Crítica de Una dulce mentira
Últimamente se ha convertido en costumbre reunirnos una o dos veces por semana para valorar una comedia europea (por lo general francesa) y acabar diciendo siempre lo mismo: que no está mal, que su visionado es agradable, pero que no aporta nada, que se ve en una tarde de domingo y se olvida a los pocos minutos. Por supuesto, todo ello es lo que se aplica ahora a la última colaboración entre Pierre Salvadori y Audrey Tatou (la anterior fue «Un engaño de lujo»), titulada «Un engaño de lujo», por lo que esta vez se lo pondremos fácil al lector: quien no tenga ningún interés por descubrir pormenores de la cinta, que atienda a la frase que sigue y luego pase al siguiente artículo. «Una dulce mentira» es tan igual a tantas otras comedias románticas francesas que se acaba perdiendo en el olvido de igual modo, agrandando ese molesto mosaico que componen fugaces escenas sueltas, imposibles de asignar a esta o aquella cinta en concreto (y que tanto se asemeja al que dibuja el cine indie norteamericano). La diferencia aquí es que con tanto bagaje a nuestras espaldas, cada vez es más complicado que otra de estas logre aportar algo más, por poco que sea, en especial si tampoco se esfuerza demasiado. Y es que la que ahora nos ocupa es tan poquita cosa…
Todo empieza como la reimaginación de uno de los gags de «Amélie»: si ahí Audrey Tatou enviaba fotos de enanos turistas a su padre para animarlo, aquí la misma actriz pero más esquelética y con el pelo más corto (aunque igual de enervante) le envía a su madre una carta de amor anónima. Sólo que esa misiva le ha sido enviada a ella misma por parte de uno de los empleados de su peluquería y claro, es cuestión de tiempo antes que todo se embrolle. De 50 minutos (minuto arriba minuto abajo), para ser algo más específicos. Antes, la cosa busca ser una comedia de personajes, con sus supuestamente graciosísimas descripciones y sus teóricos malos entendidos tronchantes; la verdad, todo bastante aburrido y rutinario. Hasta que realmente no se tira de ese previsible y trillado encuentro a tres bandas entre madre, hija y amante secreto, la película se salva sobre todo por las interpretaciones de Nathalie Baye y Sami Bouajila, suficientemente acertadas como para paliar los efectos de la incipiente ranciedad de la Tatou. Pero a partir de ahí lo cierto es que se anima el cotarro y la comedia, como tal, funciona. Va hacia lo fácil y a por la estrategia que es garantía de éxito, y no aporta absolutamente nada nuevo a todo ello, pero en el fondo somos así de simples: humor surgido de la incomodidad ajena, líos de corazón… Eso vale para un roto y un descosido. De hecho, aquí incluso atenúa la pesadez general que se desprende tanto de su fallida (por eterna) parte inicial, como de su conclusión alargada hasta decir basta.

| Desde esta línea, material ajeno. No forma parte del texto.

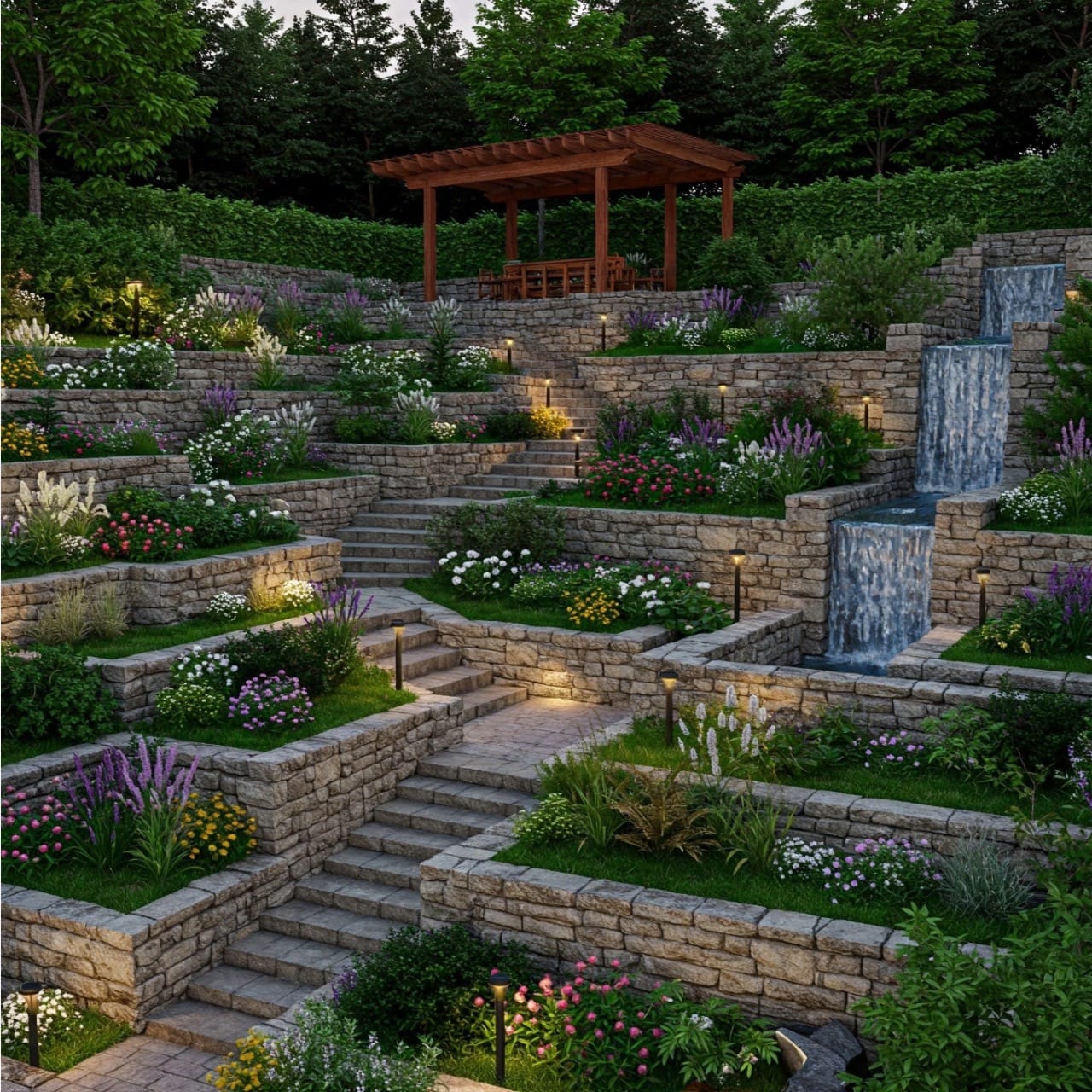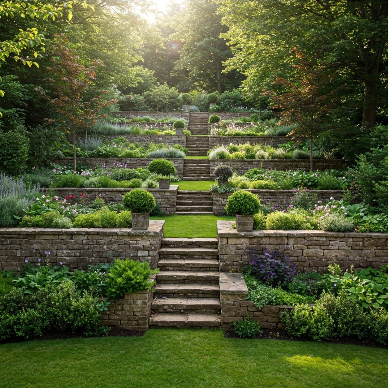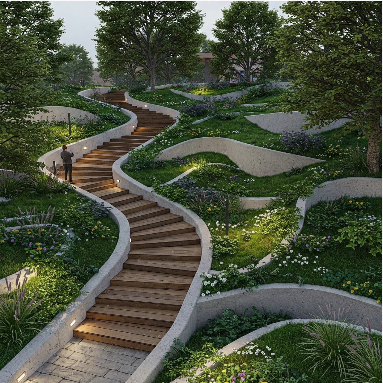 테라스 정원을 가꾼다는 것은, 각 층마다 고유한 색감과 질감, 기능이 어우러진 아름다움을 쌓아 올리는 음악을 작곡하는 것과도 같다. 적합한 배치와 돌 옹벽 시공, 수경 요소와 수직 정원 배치에 이르기까지 창조력의 폭은 거의 제한이 없다. 그늘진 아늑한 휴식 공간이나 시선을 사로잡는 예술 조형물을 곳곳에 배치해, 걷는 내내 즐거운 놀라움을 선사할 수도 있다. 반듯한 대칭형 디자인을 택하든, 자유롭고 자연스러운 구성을 선택하든, 테라스 정원은 언제나 계절과 취향에 따라 변화하는 살아 있는 작품이다. 결국 단차를 가진 테라스 정원의 진정한 매력은 형태와 기능의 조화에 있고, 단순한 경사를 평화로운 휴식처이자 멋진 볼거리로 바꾸는 데 있다.

Poco más se puede decir de tan común propuesta. De no ser por un par de líneas acertadas dudaríamos de la existencia de un guionista no autómata tras la misma, y sin un par de secuencias logradas lo mismo haríamos en relación a su director. «Una dulce verdad» se ve sin problemas y aligera casi dos horas muertas que el espectador pueda tener en algún momento de su vida. Pero es menos divertida de lo deseado y tiene tan, tan poco valor añadido, que lo mismo vale quedarse en casa y tumbarse a la bartola, la verdad. Y francamente, uno empieza a cansarse ya de tanta película idéntica.